Вот это на нее похоже: если больше нечего сказать, остается только включить сирену.
— Как вы не можете понять, что Гелена растет заносчивой. А когда вы соблаговолите это заметить, будет поздно. Я этого выдержать не могу. И зачем только я здесь живу?
— А где бы ты хотела жить? — закричал отец и стукнул каталогом по столу. — Дом огромный, сад точно парк. Чего тебе еще надо? Отделиться, иметь свою квартиру, когда столько людей нуждаются в жилье?
Вообще-то отец — человек мирный, но наша Милуш кого хочешь выведет из себя.
— Насколько я помню, тебе предлагали аспирантуру, и у Любоша хорошее место в Праге. — Мама хотела потушить разгорающийся пожар.
— Однако кончилось тем, что ты пошла в лаборантки. Где же твое хваленое теоретическое мышление? — заметил папа.
Тогда отец уступил, но не простил ей, что она не пошла по его пути: не поступила в аспирантуру, не стала кандидатом, потом доктором, закрыла себе дорогу к ученым званиям, а главное — к науке.
— Ну ладно уж, чего тут кричать! — Мама весело подмигивает мне, убежденная, что погасила готовую разгореться ссору. — Что зря воду в ступе толочь! У вас все хорошо, наверху совершенно отдельная квартира, все у вас там свое; не хочешь — вообще не ходи сюда.
Мила выглядела очень смешно: она держала кастрюлю, точно щит, — настоящий боец кухонного фронта! Я не выдержала и расхохоталась. Это была ошибка. Мила снова обратила на меня внимание.
— Мала еще надо мной смеяться! — набросилась она на меня.
— Так уж и мала, милая сестричка? Сама все время говоришь: без пяти минут два метра!
Тут уж я попала в точку. Даже наша Милуш не нашлась с ответом. Теперь и папа, и мама посмотрели на нее с упреком. Так тебе и надо! Я тебе еще добавлю!
— Могу с тобой поделиться ростом, а то ты скоро станешь поперек себя шире!
Я попала в самое больное место.

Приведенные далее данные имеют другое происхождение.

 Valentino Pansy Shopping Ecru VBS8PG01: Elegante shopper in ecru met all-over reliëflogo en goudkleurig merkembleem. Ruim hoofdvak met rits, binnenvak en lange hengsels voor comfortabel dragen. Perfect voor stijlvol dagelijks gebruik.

Милуш все время переживала из-за своей полноты. Она меняла диеты, пыталась лечиться голоданием, а кончалось это неумеренным обжорством. Лучше бы она побольше двигалась!

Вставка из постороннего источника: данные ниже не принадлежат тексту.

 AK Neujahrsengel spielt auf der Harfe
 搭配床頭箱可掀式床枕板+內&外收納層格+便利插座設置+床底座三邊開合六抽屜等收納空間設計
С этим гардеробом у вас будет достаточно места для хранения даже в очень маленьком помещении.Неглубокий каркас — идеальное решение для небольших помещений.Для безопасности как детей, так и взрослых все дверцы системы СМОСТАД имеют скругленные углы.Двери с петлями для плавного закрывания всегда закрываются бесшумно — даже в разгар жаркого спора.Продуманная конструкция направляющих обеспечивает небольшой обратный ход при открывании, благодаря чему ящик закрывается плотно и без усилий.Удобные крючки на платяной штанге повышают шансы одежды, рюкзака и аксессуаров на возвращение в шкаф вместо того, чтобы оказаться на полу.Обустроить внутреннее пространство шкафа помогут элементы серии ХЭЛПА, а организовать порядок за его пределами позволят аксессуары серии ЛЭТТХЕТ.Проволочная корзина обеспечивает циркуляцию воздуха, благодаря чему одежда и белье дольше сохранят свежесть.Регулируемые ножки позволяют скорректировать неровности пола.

— Вы слышали? Я сейчас разорву эту Жирафку!! — завопила она.
Куда пропало ее теоретическое мышление? И что у меня общего с этим животным? Если Мила и окончила биологический факультет, ума это ей не прибавило.
— Удивляюсь я вам; вечно грызетесь. Сестры, а как неродные, — вмешался отец. Милуш поняла эти слова как сигнал к примирению и пожала плечами.
Теперь отец смог полностью погрузиться в чудеса из мира роз. Он собирается осенью заложить розарий и теперь только об этом и думает и не может заниматься ничем другим. Мамины попытки вернуть его к научной деятельности заведомо обречены на неудачу, и мы это хорошо знаем.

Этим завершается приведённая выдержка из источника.